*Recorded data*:
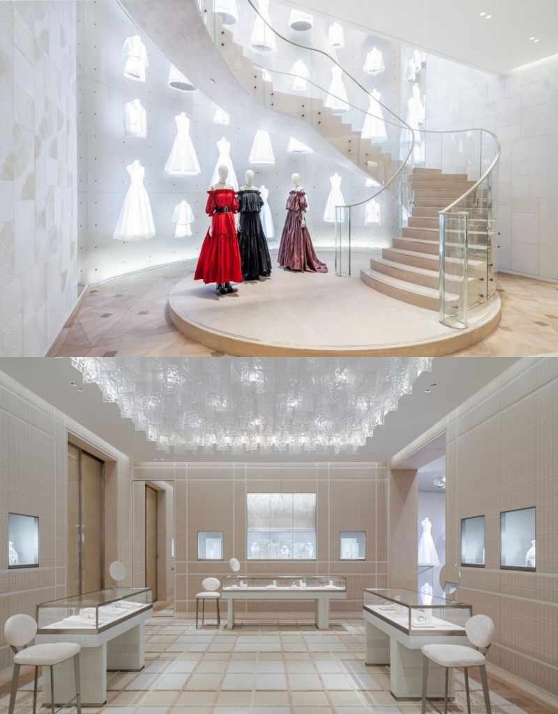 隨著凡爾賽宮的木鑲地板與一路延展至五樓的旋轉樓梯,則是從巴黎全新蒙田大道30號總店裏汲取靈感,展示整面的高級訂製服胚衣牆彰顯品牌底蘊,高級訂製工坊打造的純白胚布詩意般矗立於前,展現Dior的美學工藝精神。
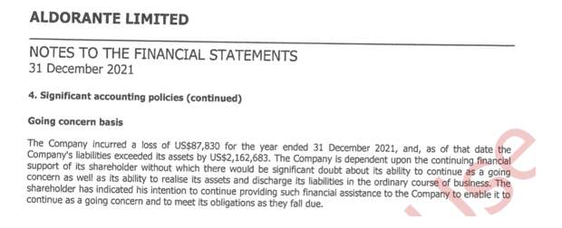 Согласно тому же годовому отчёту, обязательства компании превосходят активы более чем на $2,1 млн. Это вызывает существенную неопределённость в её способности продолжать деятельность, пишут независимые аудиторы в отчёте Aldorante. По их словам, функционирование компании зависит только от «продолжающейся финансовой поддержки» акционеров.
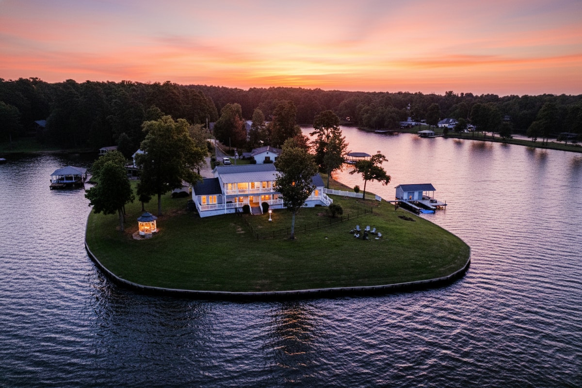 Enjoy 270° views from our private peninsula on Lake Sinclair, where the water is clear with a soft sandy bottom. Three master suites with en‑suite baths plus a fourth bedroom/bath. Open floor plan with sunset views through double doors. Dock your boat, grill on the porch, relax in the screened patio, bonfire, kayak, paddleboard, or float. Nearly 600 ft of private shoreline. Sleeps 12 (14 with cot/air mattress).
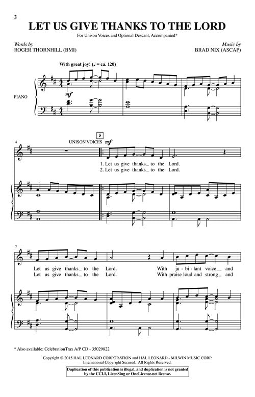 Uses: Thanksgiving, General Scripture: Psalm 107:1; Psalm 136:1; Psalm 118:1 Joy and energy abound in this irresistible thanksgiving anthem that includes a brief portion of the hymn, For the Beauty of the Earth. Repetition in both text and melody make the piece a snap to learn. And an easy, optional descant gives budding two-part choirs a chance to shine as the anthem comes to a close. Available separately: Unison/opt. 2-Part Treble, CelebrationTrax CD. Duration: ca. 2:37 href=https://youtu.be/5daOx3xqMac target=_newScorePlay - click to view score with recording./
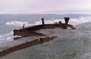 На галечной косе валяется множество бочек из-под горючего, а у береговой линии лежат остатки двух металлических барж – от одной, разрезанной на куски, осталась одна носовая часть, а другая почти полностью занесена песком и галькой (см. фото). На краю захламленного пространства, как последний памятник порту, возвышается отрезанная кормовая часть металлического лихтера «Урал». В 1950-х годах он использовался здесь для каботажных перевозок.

*Directions*:
In the data above, please extract the lines from the first one through the line with "Enjoy 270° views", exactly, and keep pictures out.

*Exercise response*:
 隨著凡爾賽宮的木鑲地板與一路延展至五樓的旋轉樓梯,則是從巴黎全新蒙田大道30號總店裏汲取靈感,展示整面的高級訂製服胚衣牆彰顯品牌底蘊,高級訂製工坊打造的純白胚布詩意般矗立於前,展現Dior的美學工藝精神。
 Согласно тому же годовому отчёту, обязательства компании превосходят активы более чем на $2,1 млн. Это вызывает существенную неопределённость в её способности продолжать деятельность, пишут независимые аудиторы в отчёте Aldorante. По их словам, функционирование компании зависит только от «продолжающейся финансовой поддержки» акционеров.
 Enjoy 270° views from our private peninsula on Lake Sinclair, where the water is clear with a soft sandy bottom. Three master suites with en‑suite baths plus a fourth bedroom/bath. Open floor plan with sunset views through double doors. Dock your boat, grill on the porch, relax in the screened patio, bonfire, kayak, paddleboard, or float. Nearly 600 ft of private shoreline. Sleeps 12 (14 with cot/air mattress).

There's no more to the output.